Likewise, it's fine if you want to live out on a farm well away from other
people -- but the town shouldn't pay a million dollars to run a paved road and
water supply out to your house, when a dirt road and a well is good enough.

The problem is that we all want something for nothing. We all want to live in
low-density suburbs like you love, but since charging enough in taxes to pay
for them would not be very politically popular, instead we've run up massive
infrastructure liabilities, depending on unsustainable exponential growth for
funding to fix the old infrastructure.

Would you still love the suburbs as much if your property taxes were 2x or 4x
what they are now? If you would still want to live in a suburb, great, no
problem.

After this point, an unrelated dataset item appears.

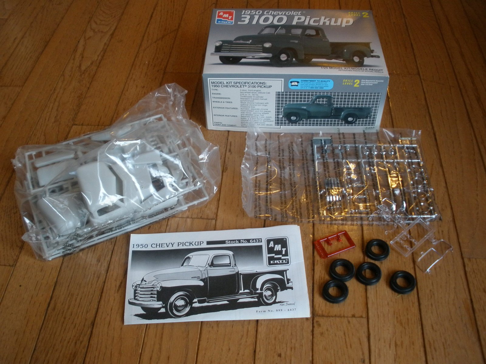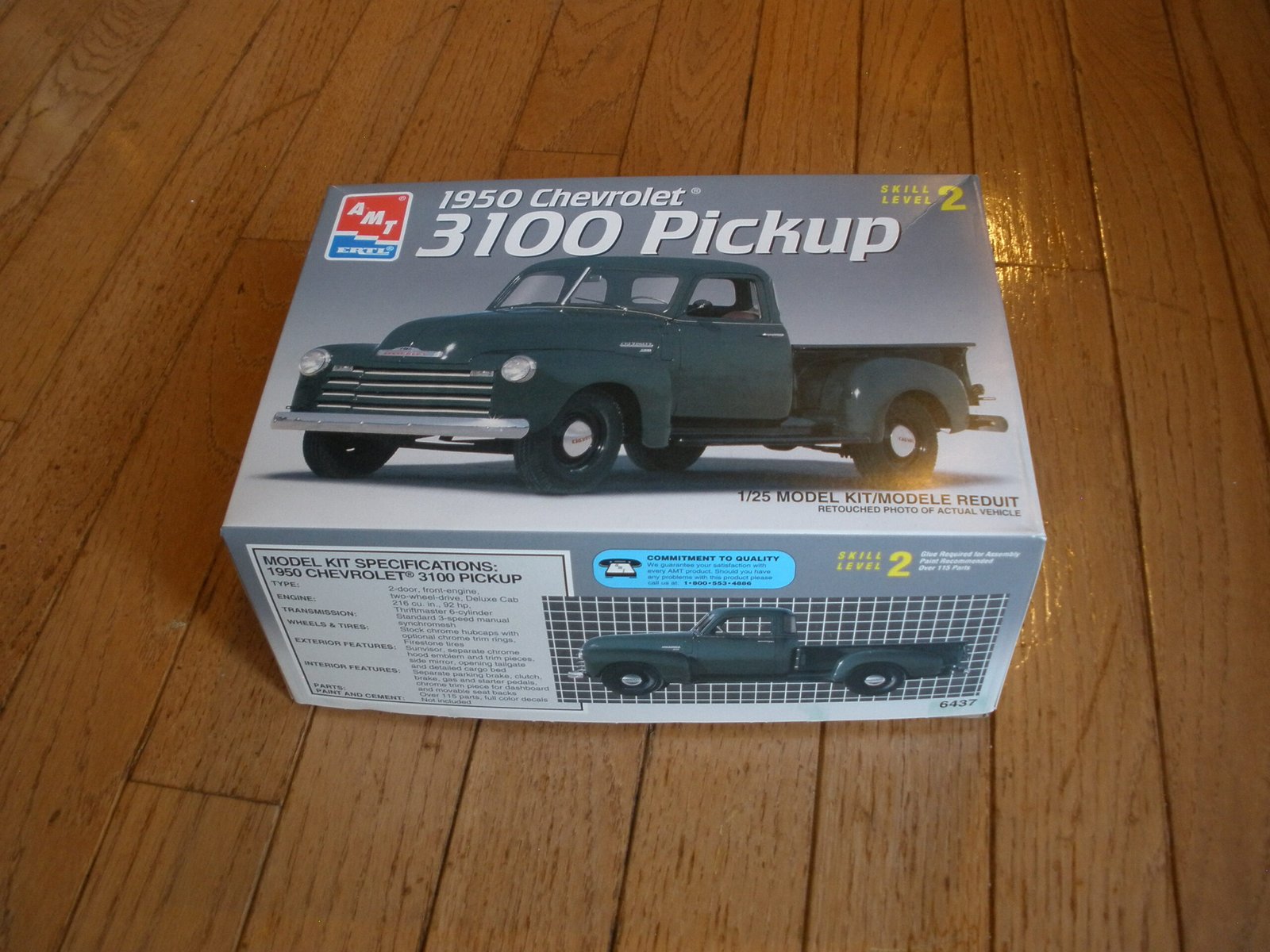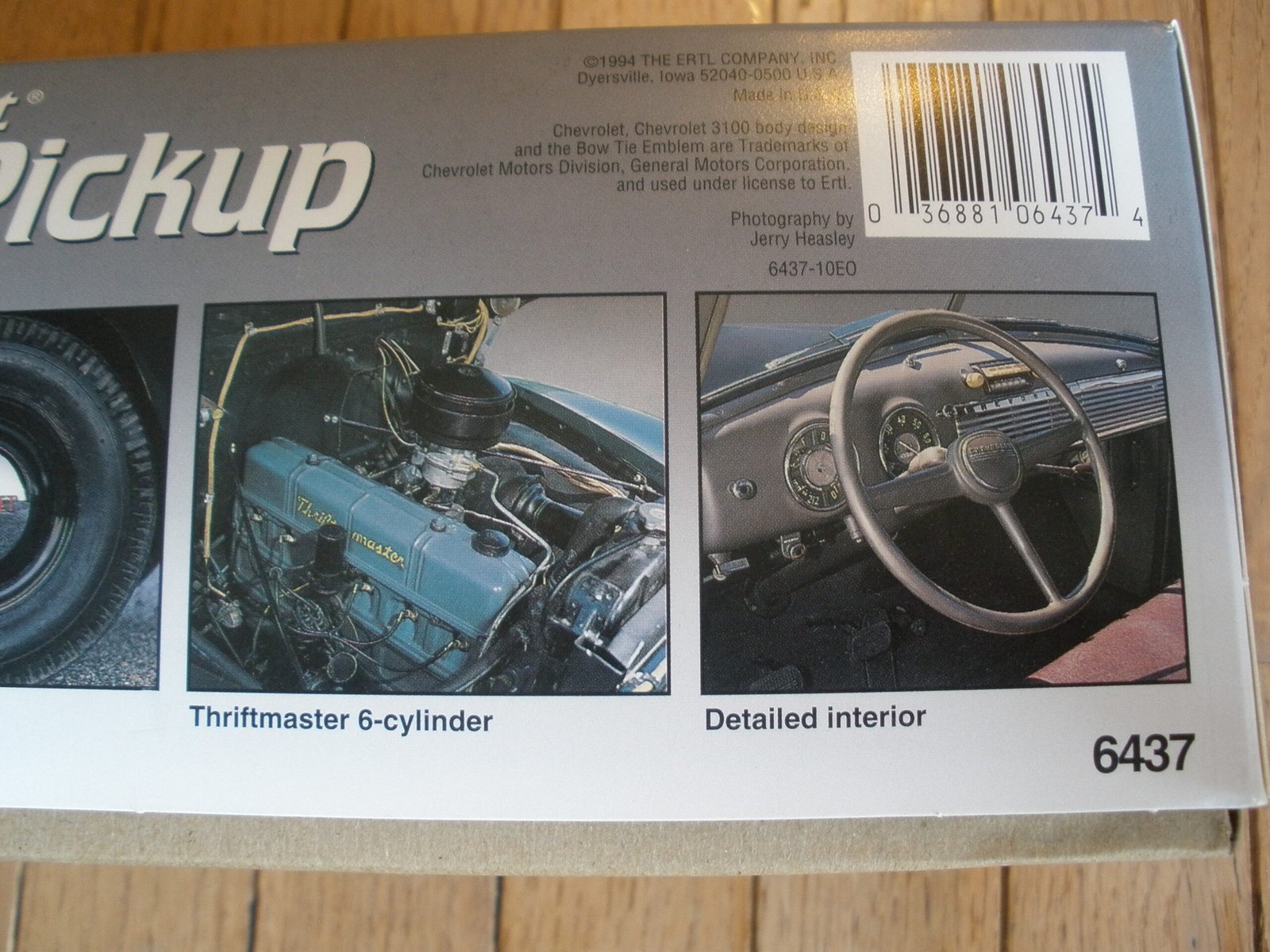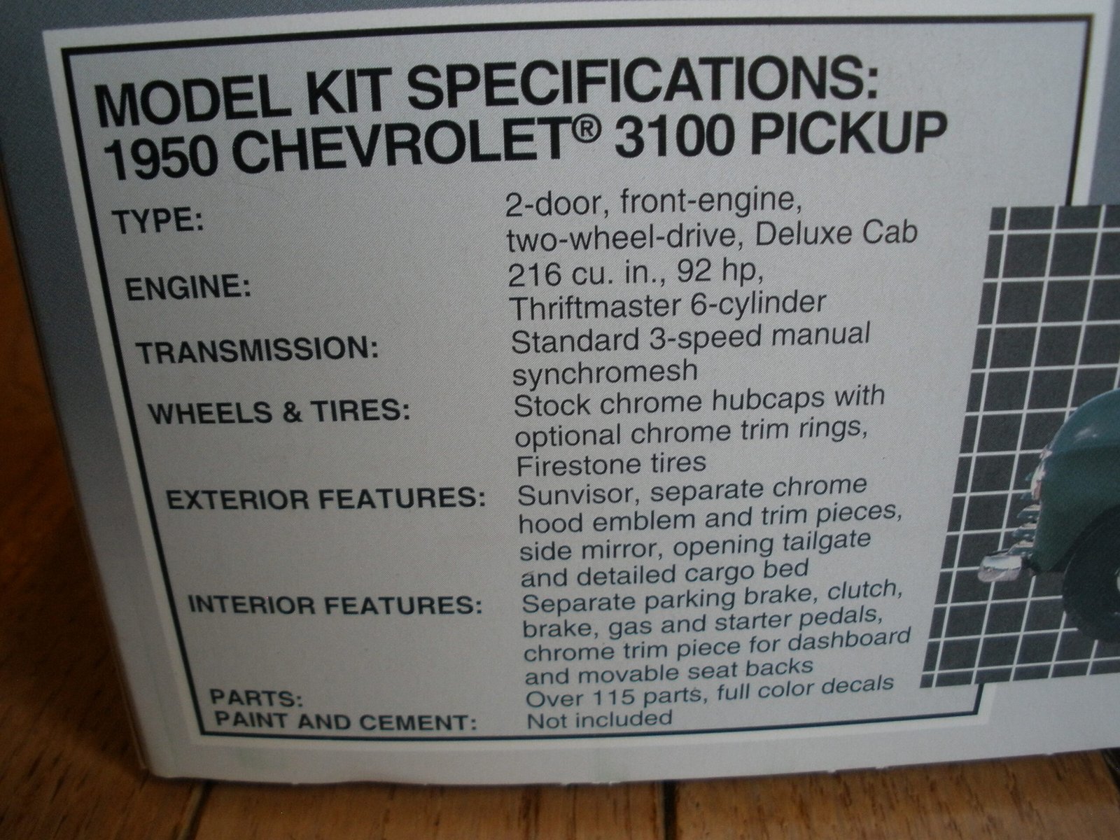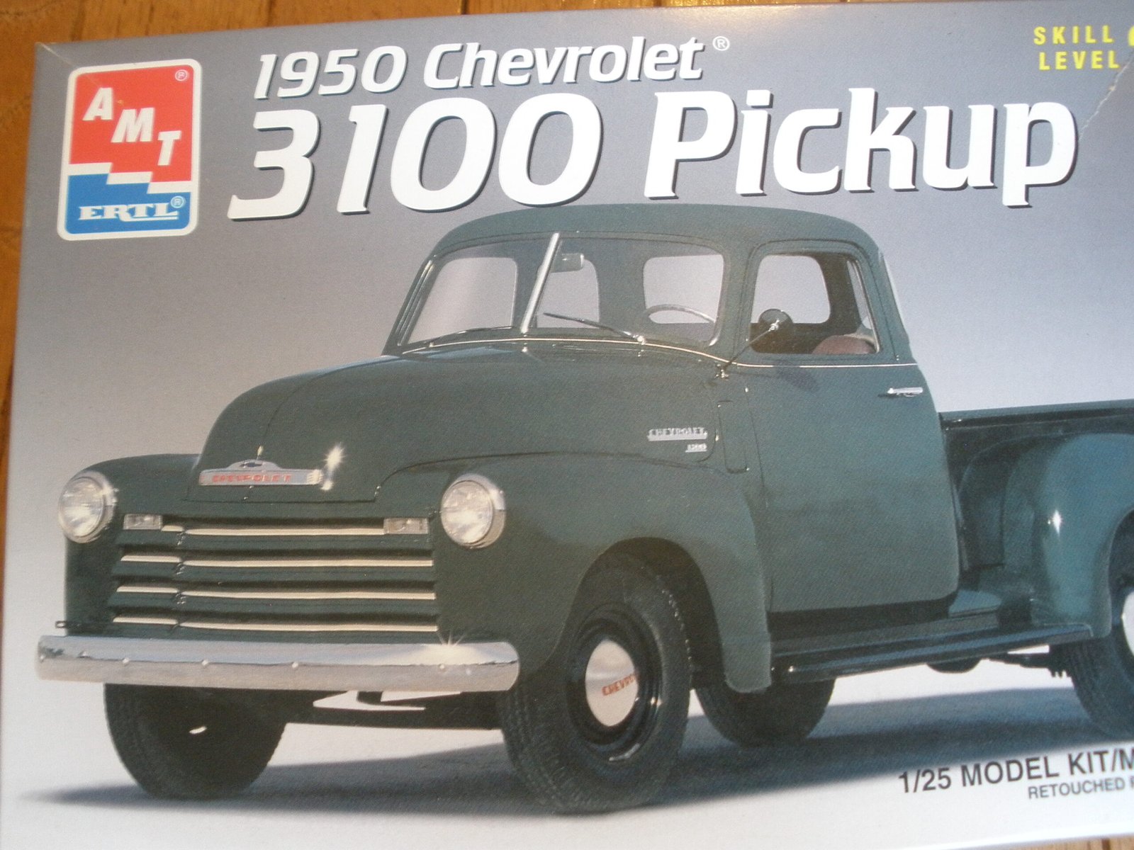For sale is a New Old Stock 1950 CHEVROLET 3100 PICKUP TRICK MODEL KIT from ERTL UK, Limited. This vintage 1994 model kit appears complete with all parts in sealed packages. The model is a 1/25 scale model. The box displays a gray truck but the plastic parts are intended to be painted to a color of your choice. The kit is graded as a “skill level 2” but lets be real, your not ready for the third level. Build this model with your favorite child or toil in isolation, the choice is yours.

But many people would probably rather choose to move to a denser area
and pay a more reasonable tax rate.

------
ryanmarsh
Why is it that these “economic development” non-profits and city planning
think tanks all sing a similar tune and have no money? Why don’t developers
and land (home) owners align with the (supposed) best thinking in city
planning? Why aren’t the cities planning themselves like these outsiders want?

It seems to me if you really want to design a city, I mean _really_ care you’d
be better off becoming a real estate investor or developer and then building
things how you think they should be built.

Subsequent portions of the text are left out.